» Task description
The required answer is an exact copy of every line from the beginning of the entries through the line with "Комплект заглушек для", with all pictures omitted.

(Collected data entries)

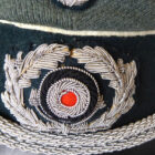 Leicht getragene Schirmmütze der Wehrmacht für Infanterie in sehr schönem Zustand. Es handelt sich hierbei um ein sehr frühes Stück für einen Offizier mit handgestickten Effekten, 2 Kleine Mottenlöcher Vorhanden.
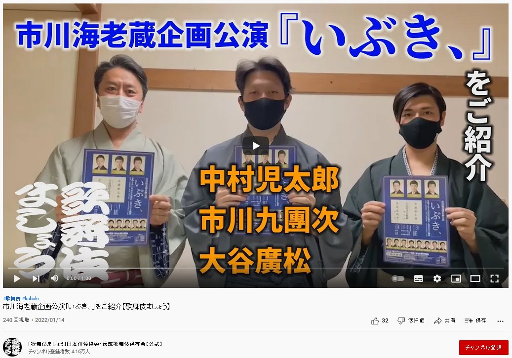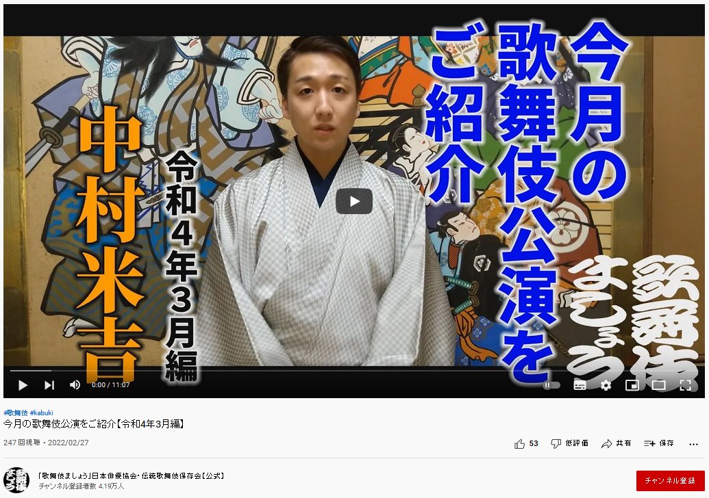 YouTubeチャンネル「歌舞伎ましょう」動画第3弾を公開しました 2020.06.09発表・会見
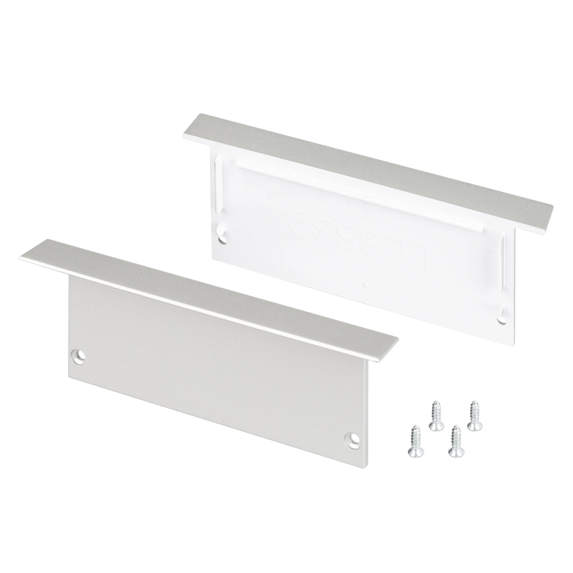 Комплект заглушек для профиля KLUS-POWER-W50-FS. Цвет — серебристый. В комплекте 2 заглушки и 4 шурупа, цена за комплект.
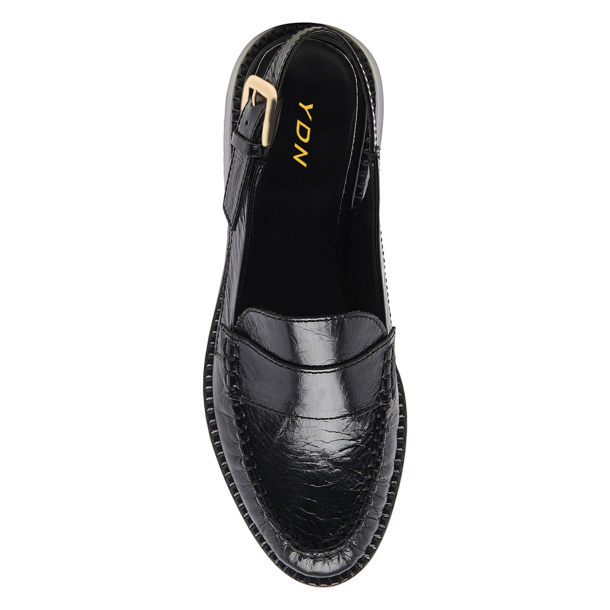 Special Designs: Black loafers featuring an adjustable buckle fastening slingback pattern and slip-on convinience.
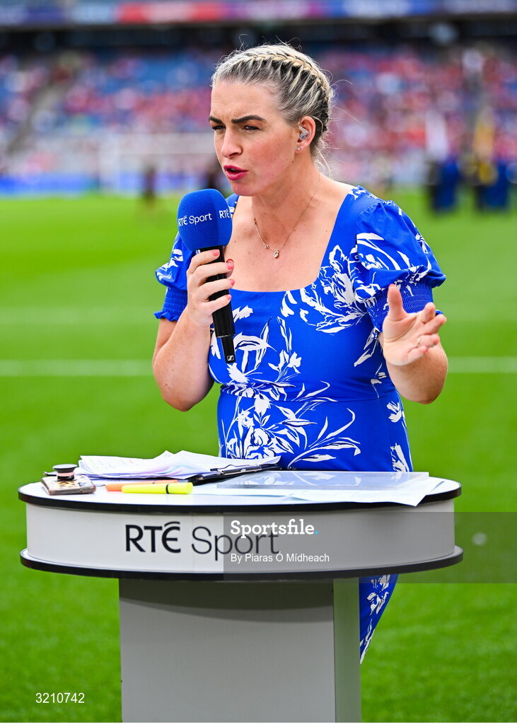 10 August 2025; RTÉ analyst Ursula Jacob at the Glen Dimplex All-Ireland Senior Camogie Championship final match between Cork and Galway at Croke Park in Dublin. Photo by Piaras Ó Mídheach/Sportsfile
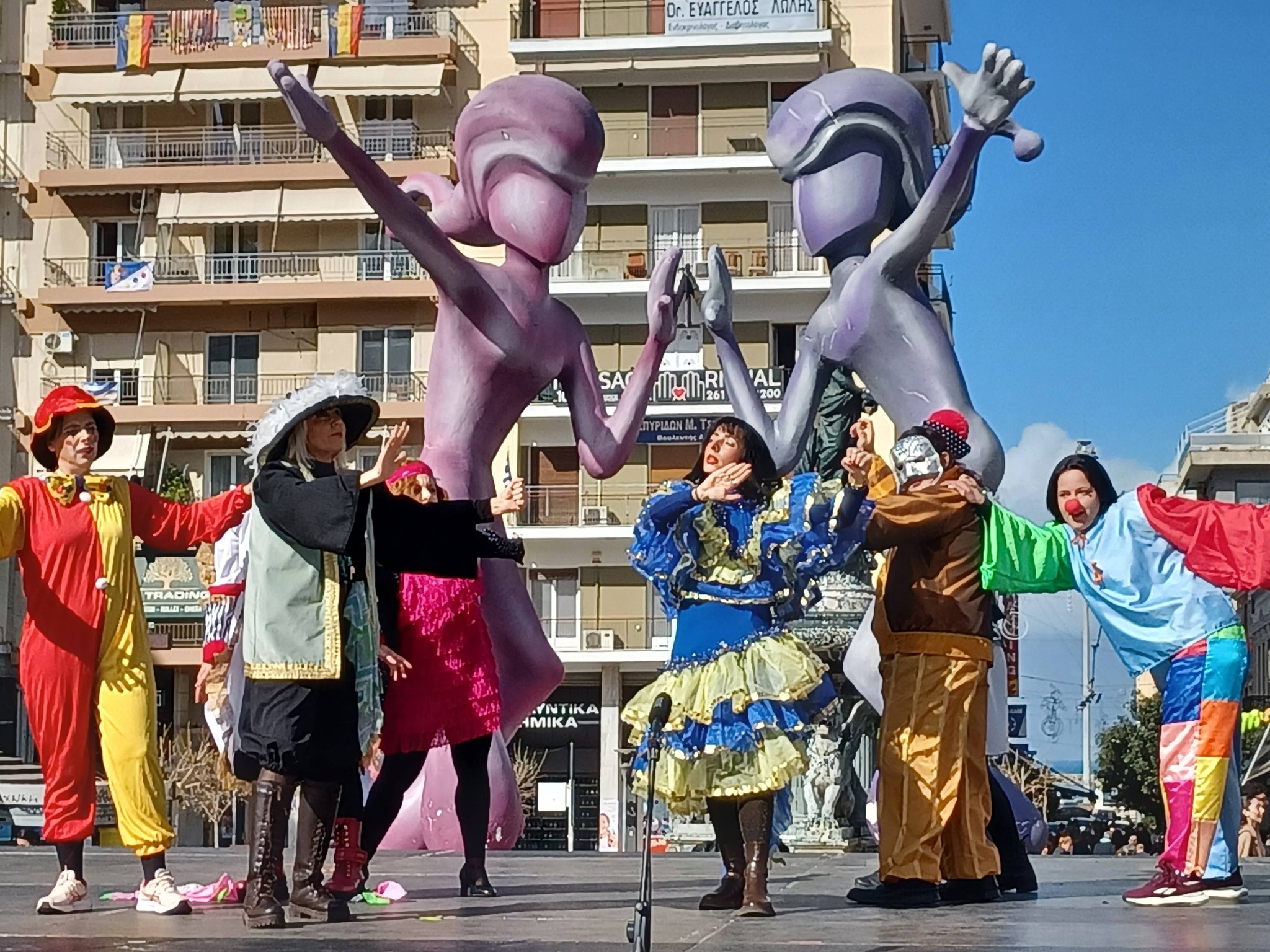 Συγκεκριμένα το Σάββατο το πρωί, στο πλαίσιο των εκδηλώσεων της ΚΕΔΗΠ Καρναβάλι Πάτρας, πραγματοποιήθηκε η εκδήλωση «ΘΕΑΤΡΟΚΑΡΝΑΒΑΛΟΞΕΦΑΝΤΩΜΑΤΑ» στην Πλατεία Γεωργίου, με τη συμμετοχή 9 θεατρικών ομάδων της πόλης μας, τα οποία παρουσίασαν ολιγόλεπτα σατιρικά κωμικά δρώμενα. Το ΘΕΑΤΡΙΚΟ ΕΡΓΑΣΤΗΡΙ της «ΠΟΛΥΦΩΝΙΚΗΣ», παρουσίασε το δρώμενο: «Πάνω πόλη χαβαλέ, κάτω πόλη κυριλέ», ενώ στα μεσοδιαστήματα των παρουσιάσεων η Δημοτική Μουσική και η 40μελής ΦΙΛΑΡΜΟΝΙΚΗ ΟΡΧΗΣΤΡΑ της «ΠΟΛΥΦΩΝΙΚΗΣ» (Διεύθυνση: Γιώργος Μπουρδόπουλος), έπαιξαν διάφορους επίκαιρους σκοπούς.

» Written solution
 Leicht getragene Schirmmütze der Wehrmacht für Infanterie in sehr schönem Zustand. Es handelt sich hierbei um ein sehr frühes Stück für einen Offizier mit handgestickten Effekten, 2 Kleine Mottenlöcher Vorhanden.
 YouTubeチャンネル「歌舞伎ましょう」動画第3弾を公開しました 2020.06.09発表・会見
 Комплект заглушек для профиля KLUS-POWER-W50-FS. Цвет — серебристый. В комплекте 2 заглушки и 4 шурупа, цена за комплект.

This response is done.